Dan Lewis is the first to admit that it didn't take much to convince him to get involved with the Salk Institute six years ago.
It started with some encouragement by Joe Kalman, his business partner at consulting firm Booz Allen Hamilton and longtime Salk supporter, followed by a few meetings at the Institute where Lewis heard Salk scientists explain their groundbreaking research. That's really all it took to ensure his connection to the Institute took root, he says.
"There's simply no substitute for having these remarkable people talk about their work and why they are doing it," says Lewis, who made his first contribution to the annual fund in 2002 and has since become a member of Salk's International Council –a group of international distinguished community and corporate leaders who serve as Salk ambassadors around the world.
So when the Institute launched the Chairman's Circle earlier this year (a new leadership giving level of the President's Club starting at $25,000), Lewis was among the first to increase his commitment.
Unrestricted gifts of this level are crucial for Salk because they provide scientists with the financial flexibility to expand their research into promising new areas of discovery –studies that aren't typically funded by traditional government resources. They also help equip Salk laboratories with today's latest research technology and train young scientists.
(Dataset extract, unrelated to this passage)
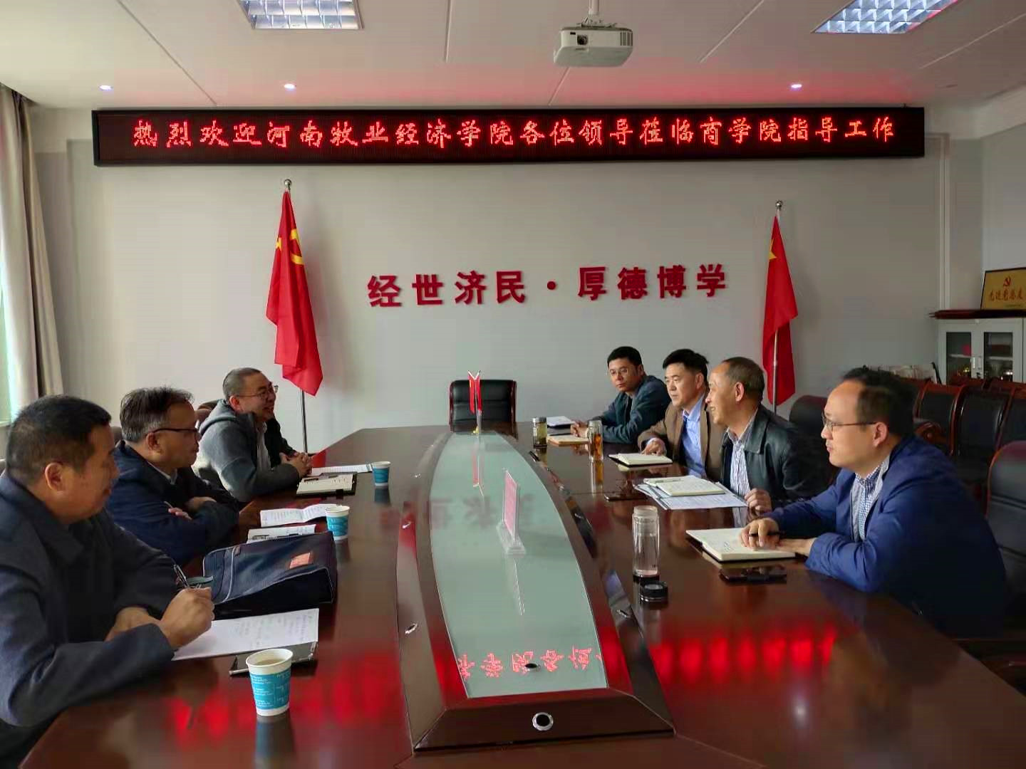 11月8日下午,河南牧业经济公司工商管理公司王筝经理、金融与会计公司黄良杰经理、经济与贸易公司李光经理一行3人到公司考察交流。商公司党委书记盛正国、副经理梅士建、副书记王永贵、经理助理杜辉在经管楼506会议室与来宾进行交流座谈。
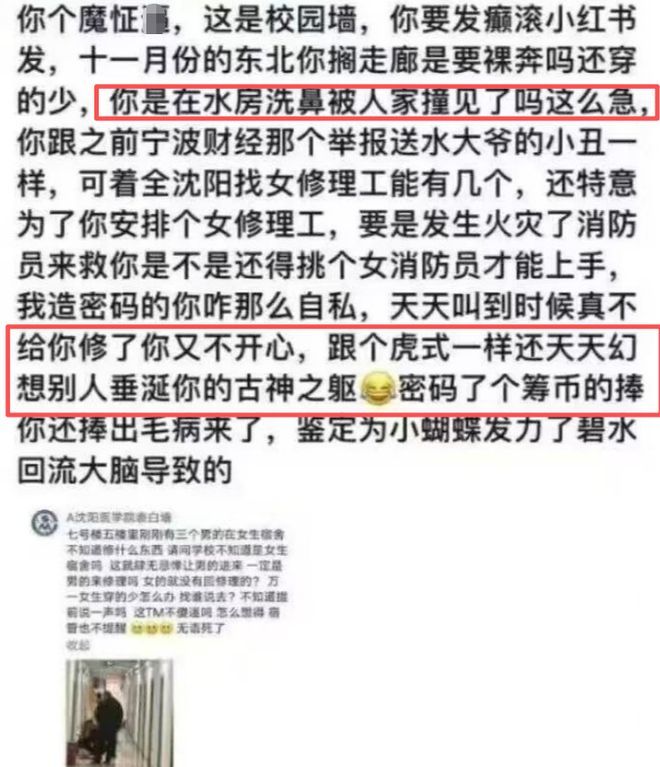 女大学生吐槽男工进女寝,被嘲:“你那虎式身材,谁爱看?”

"It was my belief in what you guys do, first and foremost," says Lewis of his decision to become a charter member of the Chairman's Circle. "But it's also a continuing desire to have a connection with Salk."
That connection took a new turn last year when doctors diagnosed Lewis with chronic myelogenous leukemia (CML), a common, slow-growing cancer of the white blood cells. His appreciation for Salk deepened even further when he learned that Gleevec, the drug he now takes to treat the condition, was developed from basic research conducted at the Institute.
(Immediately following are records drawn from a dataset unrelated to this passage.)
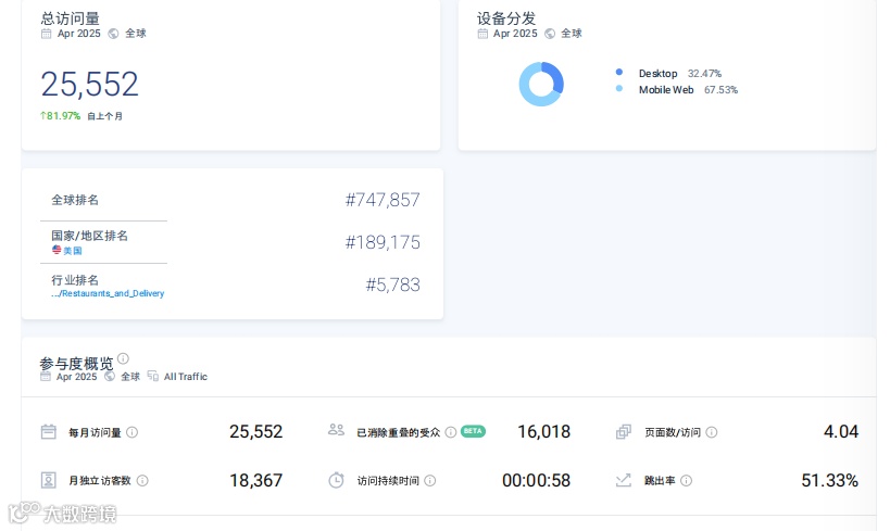 数据显示,该站点在近一个月的访问量达到25,552次,同比增长81.97%,其中92.25%的流量来自美国本土,主力受众十分集中。
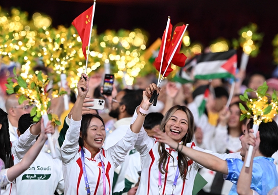 10月8日,中國運(yùn)動(dòng)員在閉幕式上。新華社記者 程敏/攝
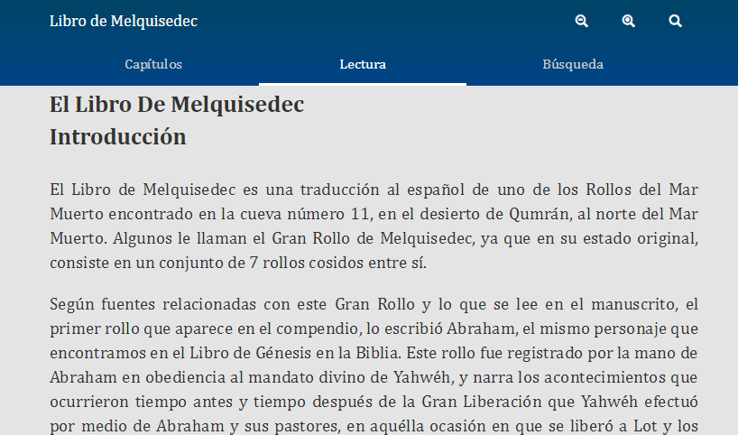 "द बुक ऑफ मेलक्विसेडेक" के नाम से जानी जाने वाली तीन पुस्तकों का स्पेनिश अनुवाद। मलिकिसिदक की पुस्तक लेखन का एक संग्रह है जिसमें शामिल हैं:
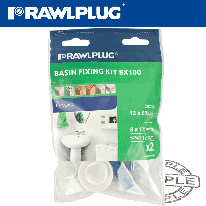 RAWLPLUG Washbasin Mounting Kit With 12Mm 4All Plugs And Screws
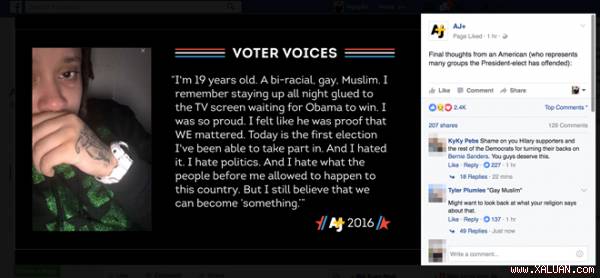 "Tôi 19 tuổi, là con lai và theo đạo Hồi. Tôi từng thức cả đêm, dán mắt vào màn hình TV để mong chờ Obama thắng cử. Tôi đã rất tự hào", "Hôm nay là lần đầu tiên tôi được tham gia bầu cử. Và tôi đã ghét nó. Tôi ghét chính trị.
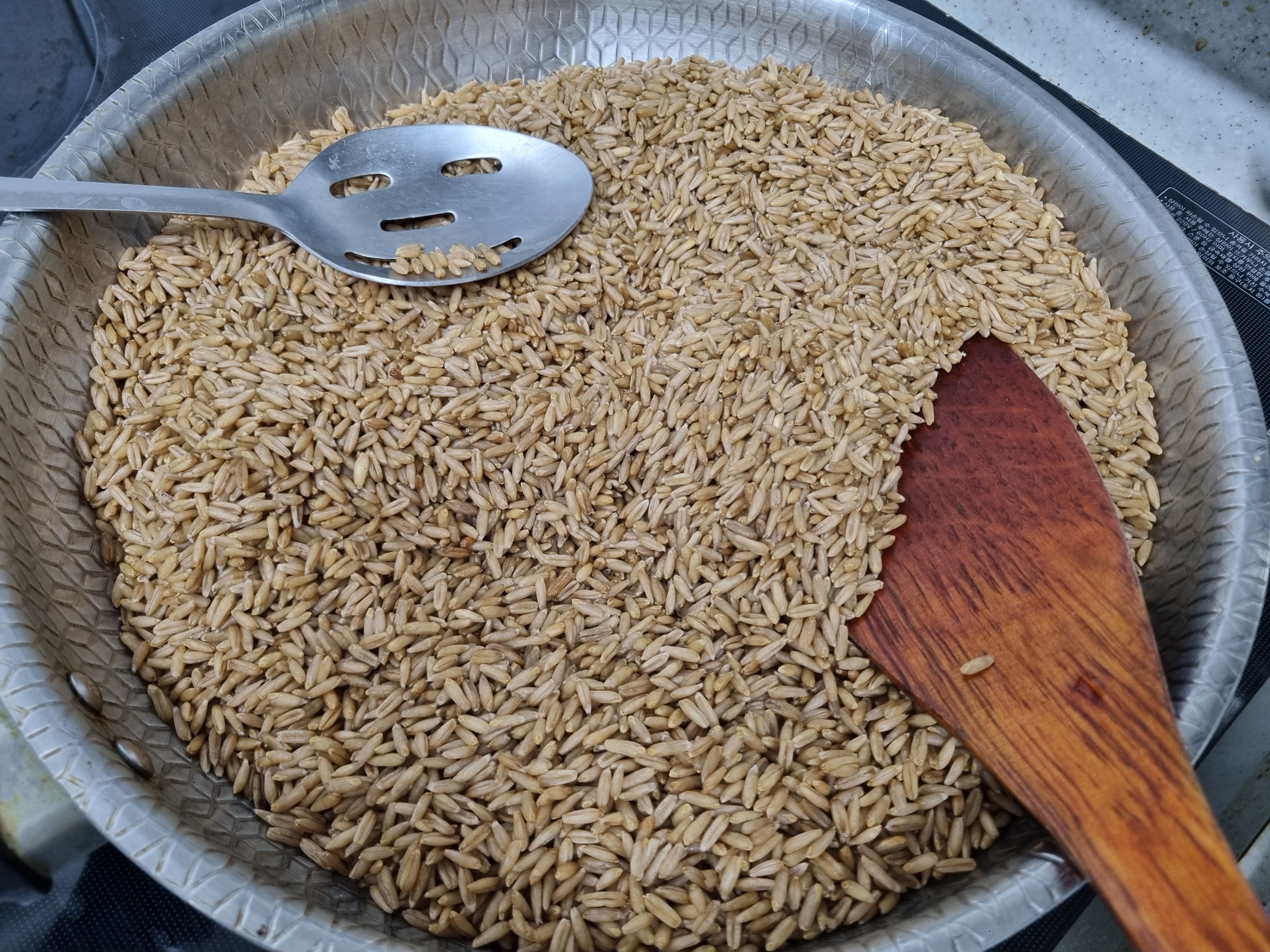 귀리를 씻어 찜판에 얹어 쪄내 말린 뒤 볶아 수분을 최소화하면 장기 보관도 기능하겠기에 분쇄 날로 갈았다
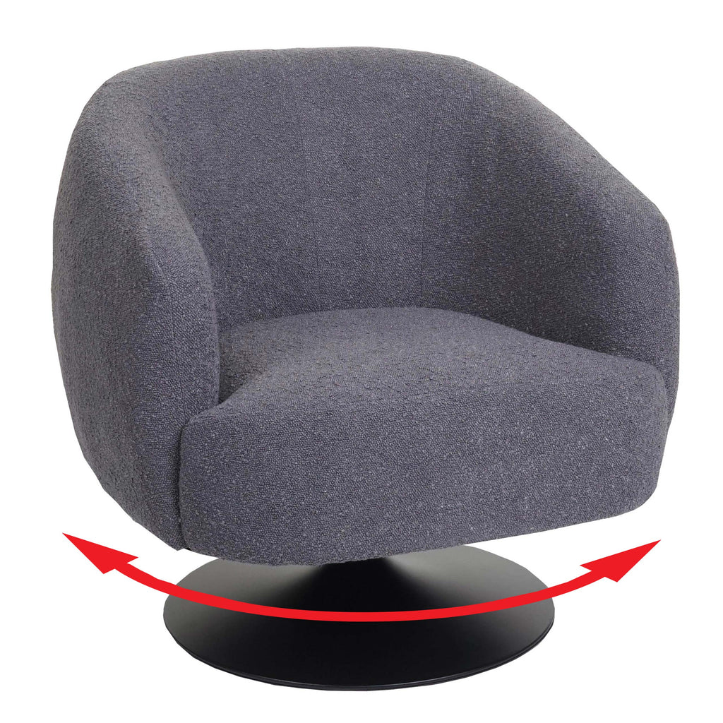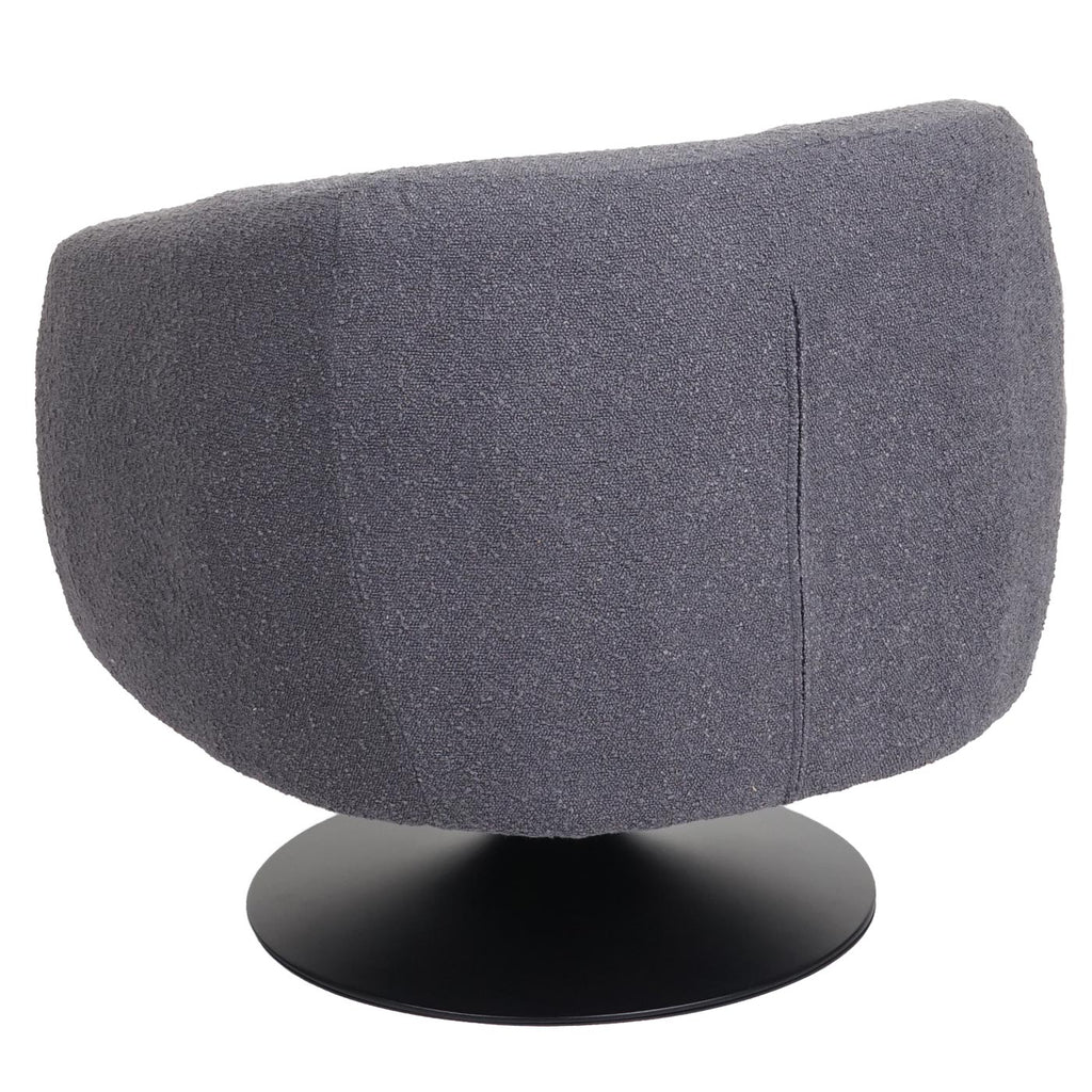 Fauteuil lounge cocktail pivotant coins et bords arrondis en tissu bouclé gris foncé et métal 04_0006852

More than 20 years ago, Dr. Tony Hunter, professor in the Molecular and Cell Biology Laboratory, discovered a new group of enzymes called tyrosine kinases, which regulate vital cell functions such as growth and development. Today, 90 human tyrosine kinases are known -- half of which are involved in cancer.
CML is caused by a change in the genetic code in bone marrow cells, which leaves a key tyrosine kinase stuck in the "on" position. This triggers a chain reaction that ultimately causes the body to make too many white blood cells. Gleevec directly binds the enzyme and shuts it off. There are more than 20,000 CML cases in the United States and about 4,600 new cases are diagnosed each year.
"This is an amazing drug," Lewis says. "When you can actually speak to Tony Hunter, the researcher whose work led to the number one cancer drug in the world...that endeared me to the Institute."
Lewis's interest goes beyond cancer research at Salk. He's also a firm believer of basic research that's linked to age-related diseases and says continued efforts and support of science need to be made to ensure treatments and cures. His belief is echoed by the Salk Institute, which has included the Center of Aging and Mechanistic Analysis Research (CARMA) as part of its scientific strategic initiatives.
"I think research in brain diseases is a must, which was Francis Crick's passion. Parkinson's and Alzheimer's are tremendously debilitating diseases, and obviously everybody knows someone who has one or the other of these diseases," Lewis says. "[Research] is needed to improve the quality of life because people are living longer, and like CML, these diseases have an increase of incidence rate with age."